I read in early morning, preferably in bed. Or I read afternoons in the
library, seated in the anonymity of a rustling. Turning the pages, my desk-lamp
joining the complicitous glow, I become a member of anonymity. Password carus, lowercase, seat 1030.
Reading in the utopia of airplanes is quite total.
I flew to the British Library to trace Lucretius. I had filled out the
paperwork and received the plasticized reader’s identity card. My declared
interest was the early translation history of De Rerum Natura in England in the 17th and early-18th
centuries. The door handles of the reading rooms were wrapped in soft-grained
black leather bound in place with fine stainless steel wire. (“Lastingness:
Réage, Lucrèce, Arendt”)
Canadian poet and essayist Lisa Robertson’s Nilling: Prose Essays on Noise, Pornography, The Codex, Melancholy, Lucretius, Folds, Cities and Related Aporias
(Toronto ON: BookThug, 2012) is a collection of essays on form and
consequences, with threads that extend out of her previous non-fiction work, Occasional Works and Seven Walks from the Office for Soft Architecture (Astoria, OR: Clearcut Press, 2003; Toronto
ON: Coach House Books, 2006). As she writes in the essay “Disquiet”:
The constituting gesture of the Western city is expulsion. We rid the
bounded site of what we next configure as danger, pollutant, threat to the
self-identifying community. The efficiency of the expulsing gesture has
demonstrated itself: The means of living are what are extracted or wrested from
an elsewhere, and brought apparently cleansed into the agora, in order to the
exchanged for the stance and insignia of authority. It interests me to record
signs of the failure of this hygiene. However thoroughly policed and legislated
such a system is, it is never totalized. Migrants slip through borders, illegal
or sub-legal economies proliferate, or the central economy suddenly reveals its
own illegality. In spite of dominant intentions, movement doesn’t stop. The
city never becomes a static image of its own nostalgia, because some movement
will always be indeterminant. Centrally defined limits and products are
misused, transgressed. Border practices take place on a deeply layered and
concentrated history of related counter-activity. To be in the city is also to
be in the ancient habitus of refusal and resistance. Bodies assert their
incalculable drives. Noise is made. It is the present.
Nilling collects eight
essays, most of which were originally composed “accepting various invitations,”
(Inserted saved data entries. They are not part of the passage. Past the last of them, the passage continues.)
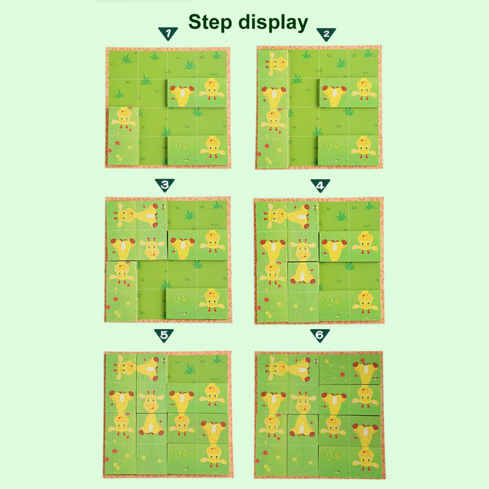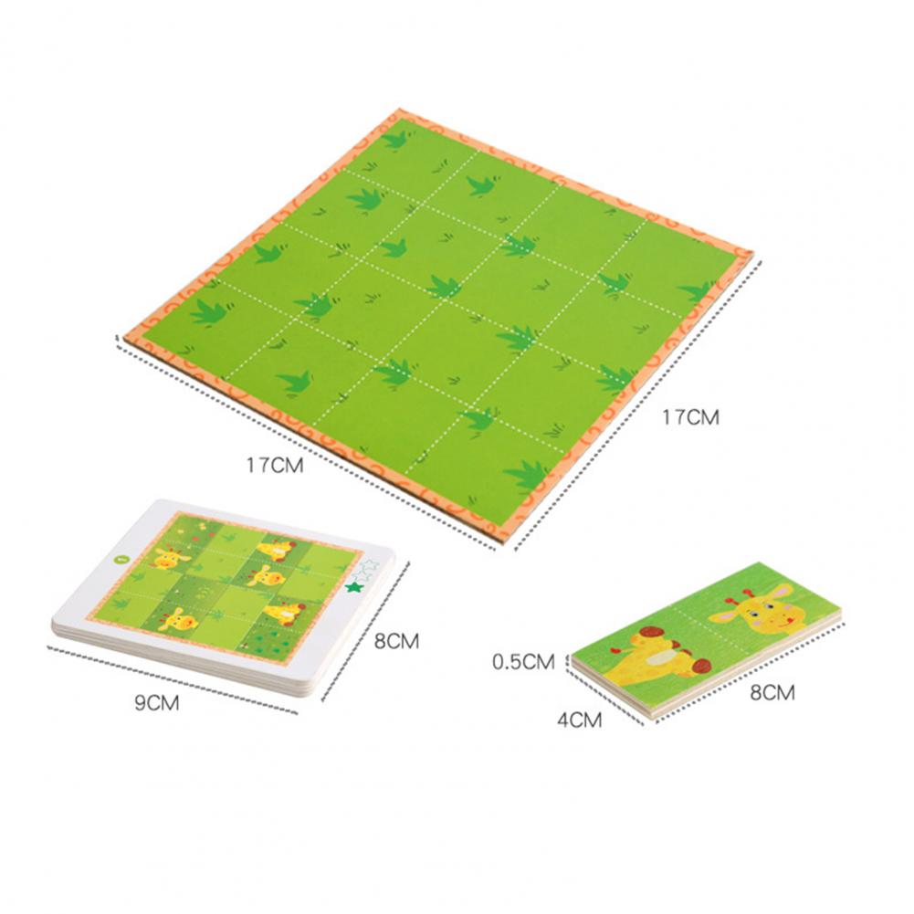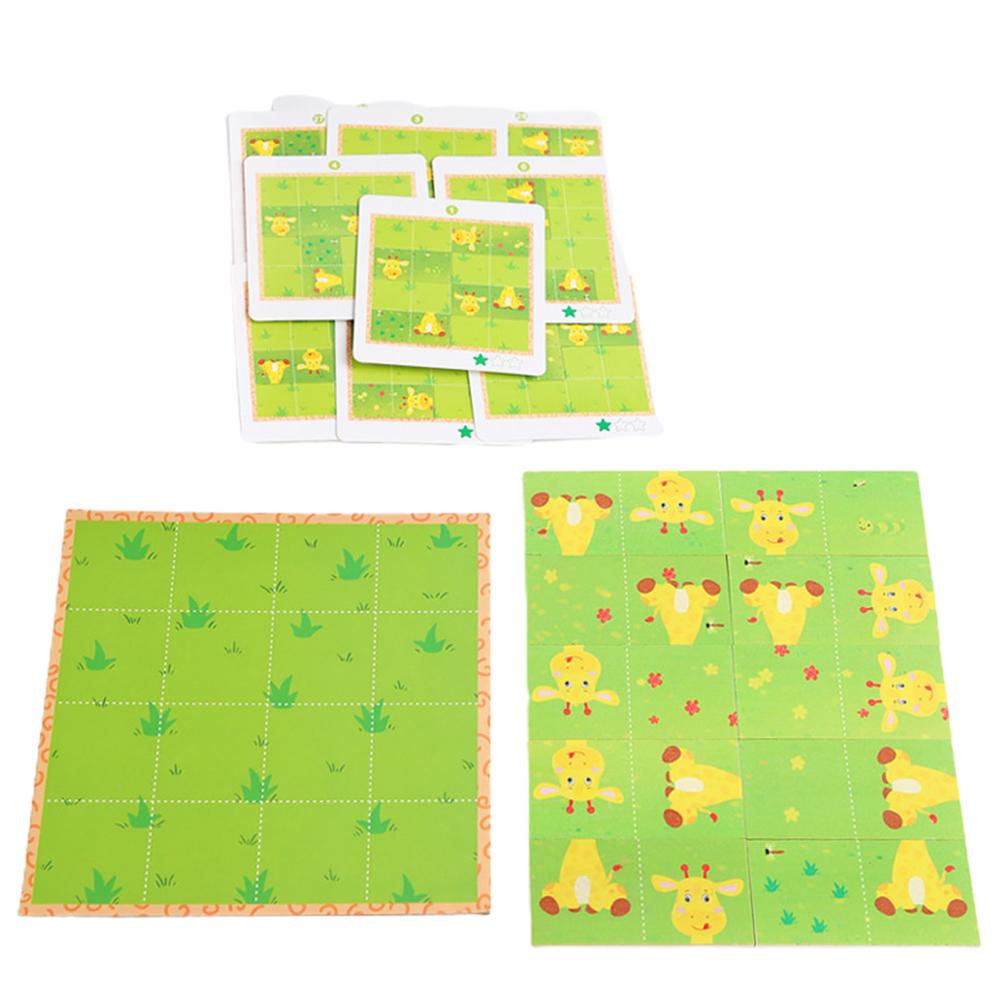 Он нуждается в плинтусе головоломки и 15 двухсторонних справочных карт. Положите 10 кусочков пазла и опорную доску на стол, положите кусочки пазла против проблемных карт, А затем поместите остальные карты в свободное место на доске для того, чтобы получить завершенного жирафа, после завершения размещения карты останется 2 карты.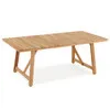Constructed using a reclaimed teak frame with a fine, sanded finish, this natural-based stain Mandalay dining table adds a rustic charm to your patio. The classic style and sturdy construction of this table is designed to seat 6 people comfortably. The trestle base provides extra support. The teak is exclusively grown in Indonesia and made from recycled teak wood components, gathered from FSC®-certified plantations. Making it one of the most durable materials we carry, teak is the only material with a natural resistance to water, insects, mold and mildew. It is a combination of machine-made for precision and handmade with traditional Mortise and Tenon construction for smooth and tight joinery. This versatile table allows you to pair various chair materials around to complete a look that is unique to you.
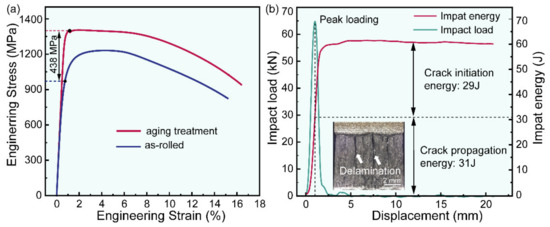 Figure 4 shows the results of tensile and impact tests. The yield strength is calculated by stress at 0.02% strain. The yield strength of as-rolled steel reaches 932 ± 7 MPa. After aging treatment, the yield strength increases to 1370 ± 7 MPa. The effect of B2 CRPs as impediments of dislocation movements results in a significant enhancement of yield strength (~438 MPa). It is noted that a high elongation (~16.5%) is still obtained after aging treatment. This is because B2 coherent CRPs allow dislocations to shear through rather than acting as an impenetrable barrier to dislocation motion [21,22,23]. Due to delamination activated by the lamellar microstructure, low-temperature toughness at −40 °C is ~60 J, as presented in the insert of Figure 4b. In conclusion, a satisfactory combination of strength, ductility, and toughness is achieved in Cu-bearing UHS steel with a lamellar structure.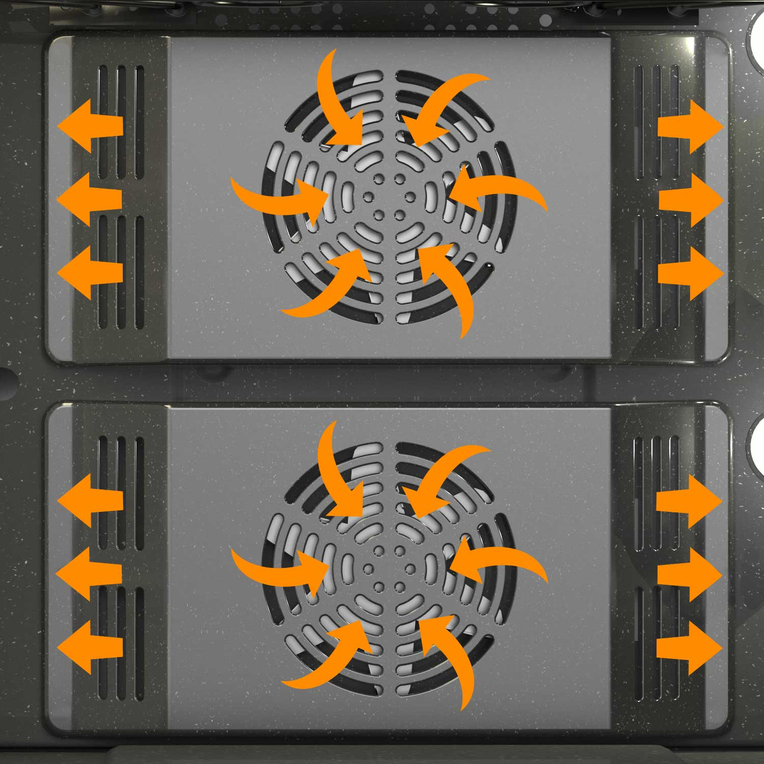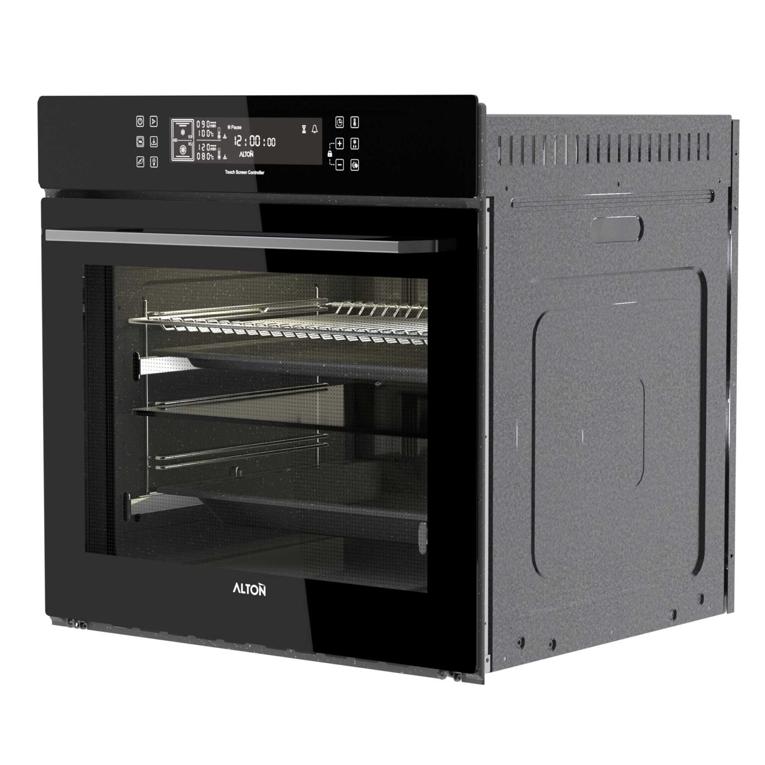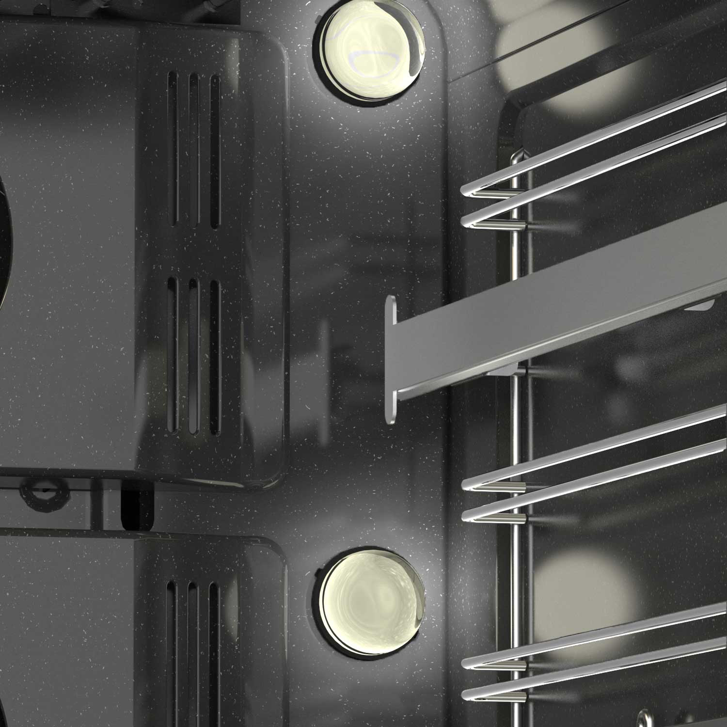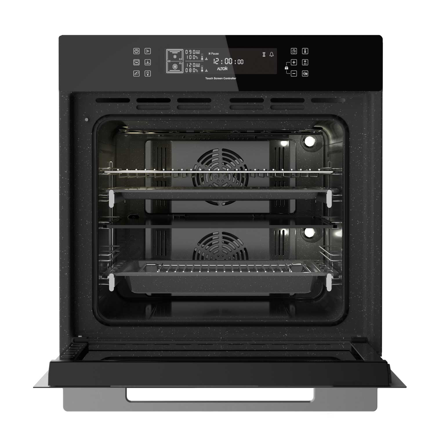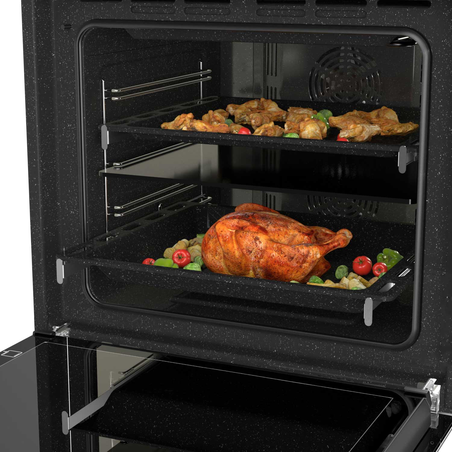حجم ۷۲ لیتری این فر توکار، فضای کافی برای تهیه غذاهای مختلف را فراهم میکند. با دو سینی عمیق و کمعمق و ۴ ریل تلسکوپی، میتوانید ظروف را بهآسانی جابجا کنید. این ویژگی به شما امکان میدهد چندین غذا را همزمان بپزید، از پخت کیک گرفته تا آماده کردن یک ضیافت خانوادگی بزرگ.

including an exhibition catalogue for an art show. The essay “Disquiet,” which
is “accompanied by ambient sound records
made at the sites of Atget’s documentary photographs of Paris. Each subtitled
section of the essay has a corresponding soundscape. These recordings can be
accessed on the web at http://www.bookthug.ca/nilling.” Some of the
detailed descriptions of library archives and the nature of decoding text is
reminiscent of Susan Howe’s writing, as Robertson moves through her own
descriptions of marginalia, somehow becoming no longer peripheral, but briefly
central to her experience of reading. Robertson’s essays describe an act of
reading, deep and complex, through a variety of subjects, and describe that
reading, much like visual art, writing or architecture, can’t exist in any way
but as response. As her closing line to “7.5 Minute Talk for Eva Hesse” reads:
“Form – it’s because there are consequences.”